A managed care model is essentially a privatized form of contracting out government services to a company in the private sector. In most states, including West Virginia, Medicaid is contracted out through a managed care model. 

The shift to a managed care model for the state’s overwhelmed foster care system is a result of House Bill 2010, which was sponsored by Republicans and passed into law earlier this spring. The law says the Department of Health and Human Resources must shift its foster care system into a managed care model, overseen by an outside company, by January 2020. 

The DHHR reviewed a number of companies. On Tuesday the agency annouced it was selecting Aetna Better Health of West Virginia. Aetna currently also manages the state’s Medicaid coverage.

According to a press release from the DHHR, the implementation of managed care services for the state’s child welfare population will “aim to streamline the administration of health services.” But what exactly does that mean?

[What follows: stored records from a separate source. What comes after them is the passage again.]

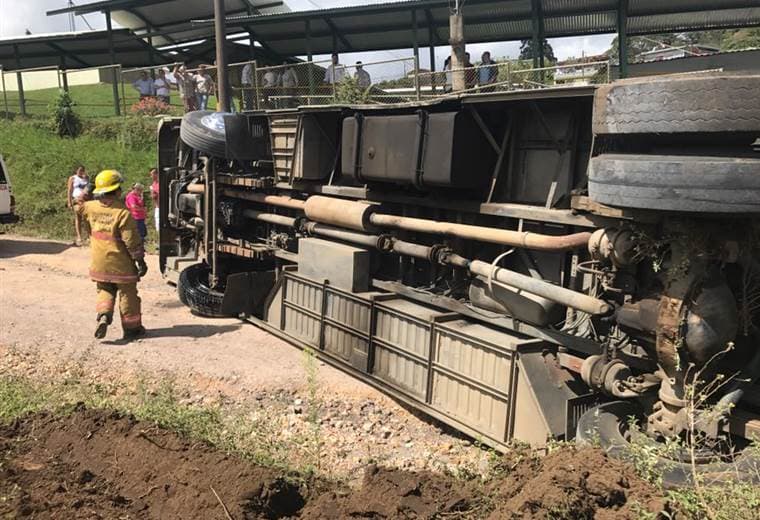 A las 12:14 p. m. se registra un segundo vuelco de una unidad que transportaba estudiantes en Oreamuno de Cartago.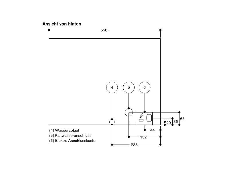 - Wasseranschluss (1) für Zulaufschlauch immer zugänglich halten; nicht direkt hinter dem Gerät positionieren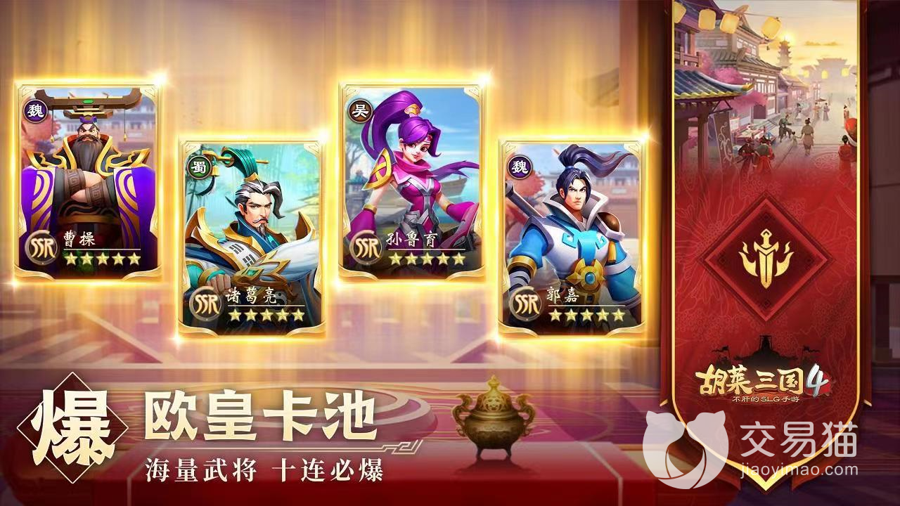 在胡莱三国4中,玩家可以采用挂机铺路的方式轻松度过开荒阶段,然后利用各种兵种之间的克制达到以弱胜强的目的。此外还加入了拍卖、装备交易等自由经济系统,使得社交氛围进一步提升。这里提供的武将在养成方面有非常丰富的内容,而且也讲究策略搭配。当然最精彩的依然是跨服国战等内容,为了能够一步到位体验到这些玩法可以直接去购买成品号。想要自己发展可以去买开局号或其他商品,这些都能在交易猫游戏账号交易平台中轻松买到。

  1. A DHHR caseworker will continue to serve as a primary point of contact for the family and their case, but Aetna will now serve as an additional resource. 
  2. The Managed Care Organization (Aetna) will work to help foster families get information on the medical history of the child in their care, and help coordinate the medical and social services needs of the child.
  3. Aetna will establish an advisory group with kinship families to understand needs related to the care their children are receiving.
  4. Aetna will assist or amend current processes to better meet families’ needs.  

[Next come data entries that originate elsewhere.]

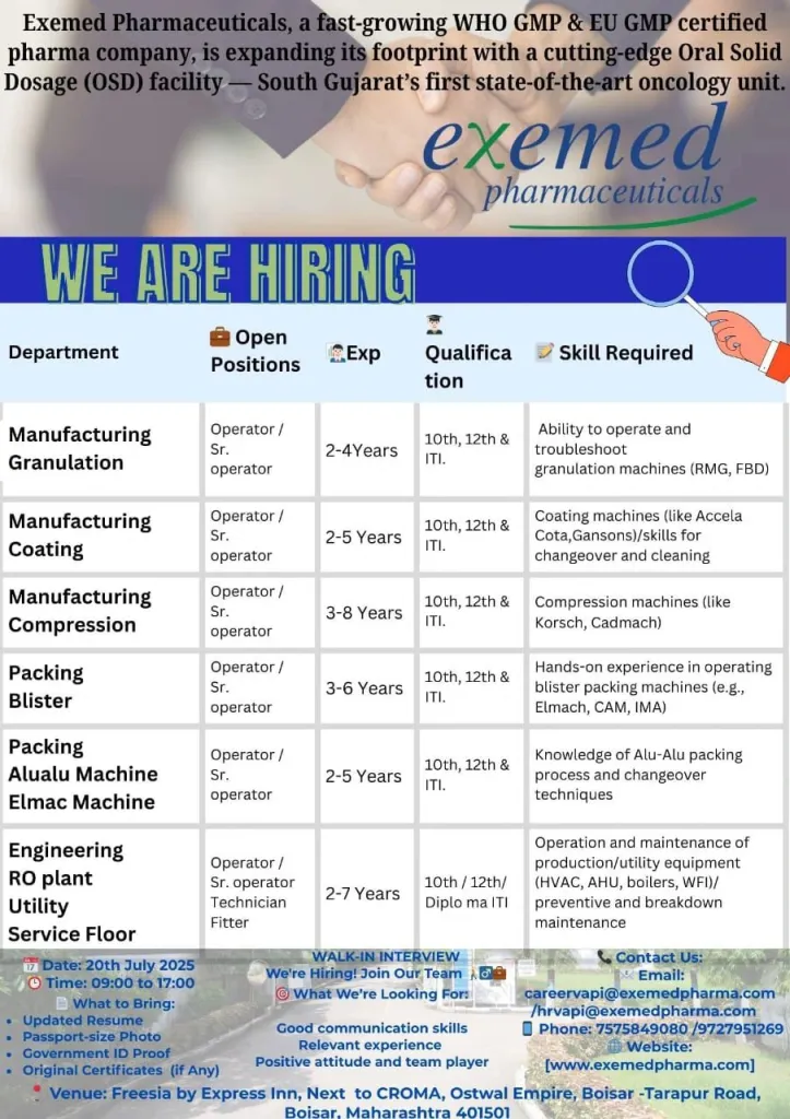 - Email: careervapi@exemedpharma.com / hrvapi@exemedpharma.com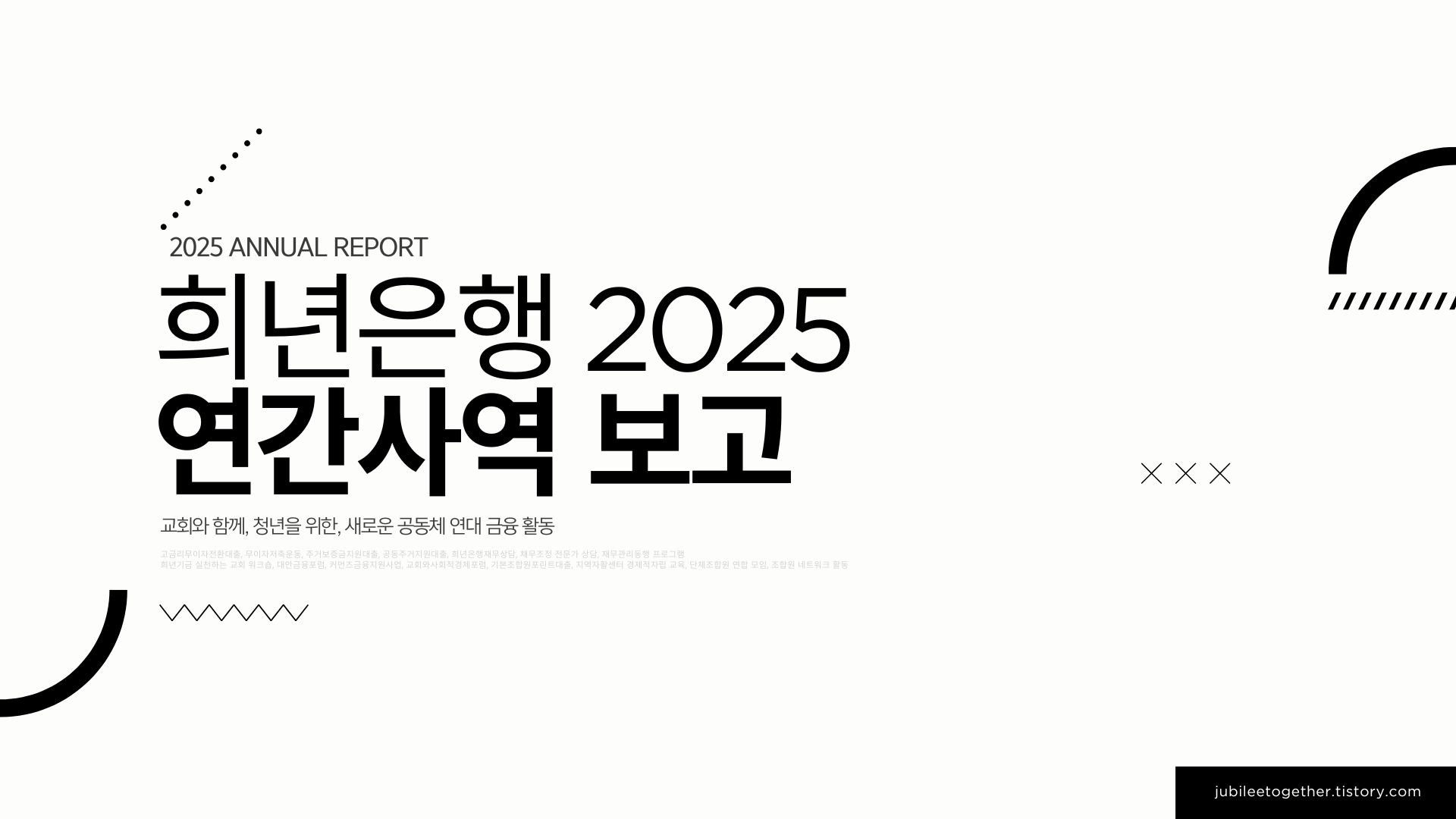 2025년 희년은행 연간 사역 보고 자료를 공유해 드립니다.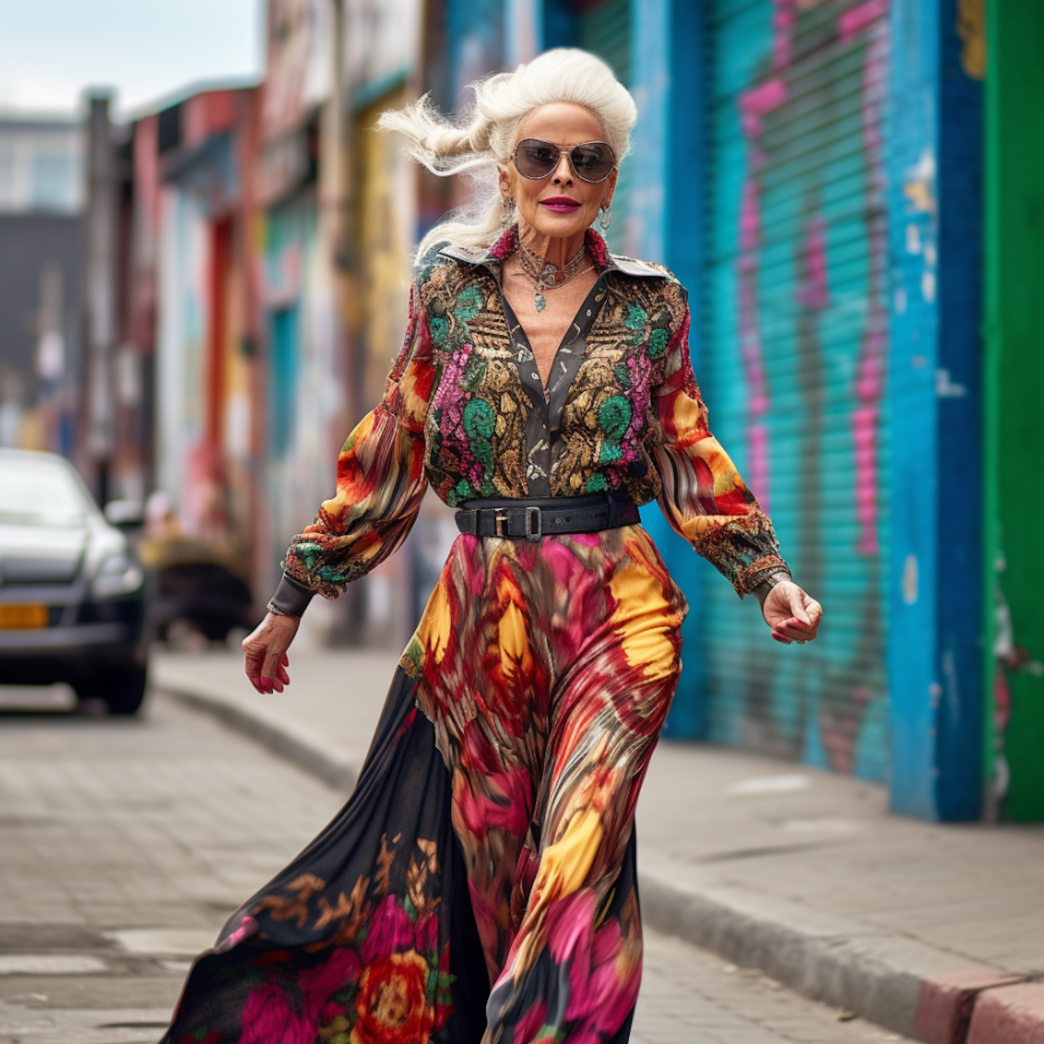 Confident older woman in a vibrant floral dress walking through a graffiti-filled urban street, exuding elegance and style.

The DHHR says these changes will help them better help foster children in a “holistic” way. “West Virginia is in the midst of a child welfare crisis, and DHHR believes the utilization of an MCO to help provide coordinated care to this vulnerable population will assist us in addressing this issue,” said Jeremiah Samples, deputy secretary for DHHR.
But some foster parents have questions about what all this will mean for them, and the children under their care, said Marissa Sanders, who runs the West Virginia Foster, Adoptive, & Kinship Parents Network.

“Just a lot of questions about what their relationship with the care coordinator would be,” Sanders said.

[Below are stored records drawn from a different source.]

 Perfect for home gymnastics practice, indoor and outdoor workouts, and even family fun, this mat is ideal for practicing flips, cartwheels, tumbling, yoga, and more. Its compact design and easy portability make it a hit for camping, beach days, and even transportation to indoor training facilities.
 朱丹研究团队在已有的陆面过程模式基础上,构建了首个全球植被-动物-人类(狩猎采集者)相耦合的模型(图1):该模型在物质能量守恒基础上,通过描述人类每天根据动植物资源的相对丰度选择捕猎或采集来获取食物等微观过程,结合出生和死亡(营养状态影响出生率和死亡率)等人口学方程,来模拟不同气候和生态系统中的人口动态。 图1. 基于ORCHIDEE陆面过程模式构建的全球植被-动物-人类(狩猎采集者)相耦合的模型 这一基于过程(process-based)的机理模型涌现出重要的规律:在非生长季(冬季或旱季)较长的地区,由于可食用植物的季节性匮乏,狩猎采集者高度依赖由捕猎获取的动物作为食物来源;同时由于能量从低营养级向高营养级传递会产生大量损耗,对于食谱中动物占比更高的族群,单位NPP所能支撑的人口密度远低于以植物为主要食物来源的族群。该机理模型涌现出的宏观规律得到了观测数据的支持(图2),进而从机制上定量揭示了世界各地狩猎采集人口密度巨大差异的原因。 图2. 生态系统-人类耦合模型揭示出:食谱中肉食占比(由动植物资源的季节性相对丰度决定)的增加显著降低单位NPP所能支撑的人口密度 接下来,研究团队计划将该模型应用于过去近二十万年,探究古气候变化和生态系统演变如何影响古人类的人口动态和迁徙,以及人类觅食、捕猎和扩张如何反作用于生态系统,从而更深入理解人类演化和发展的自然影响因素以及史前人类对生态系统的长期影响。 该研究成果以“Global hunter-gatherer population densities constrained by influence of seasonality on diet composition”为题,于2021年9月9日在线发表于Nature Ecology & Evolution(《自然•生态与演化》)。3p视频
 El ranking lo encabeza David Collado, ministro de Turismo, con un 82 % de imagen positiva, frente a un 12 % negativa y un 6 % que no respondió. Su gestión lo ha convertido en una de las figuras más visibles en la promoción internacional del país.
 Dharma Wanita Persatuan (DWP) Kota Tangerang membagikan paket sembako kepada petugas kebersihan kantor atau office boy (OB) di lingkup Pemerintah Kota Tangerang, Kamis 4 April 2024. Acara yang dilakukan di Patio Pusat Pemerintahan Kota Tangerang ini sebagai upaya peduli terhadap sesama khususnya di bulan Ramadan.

She said a lot of foster families also are concerned that they’ll need to change pediatricians, if their current doctor isn’t included in Aetna’s network.

Recently, groups involving 12 children in foster care filed a lawsuit against West Virginia Gov. Jim Justice and officials with the state DHHR. That lawsuit alleges the government has violated the rights of nearly 6,800 children currently in the state’s foster care system.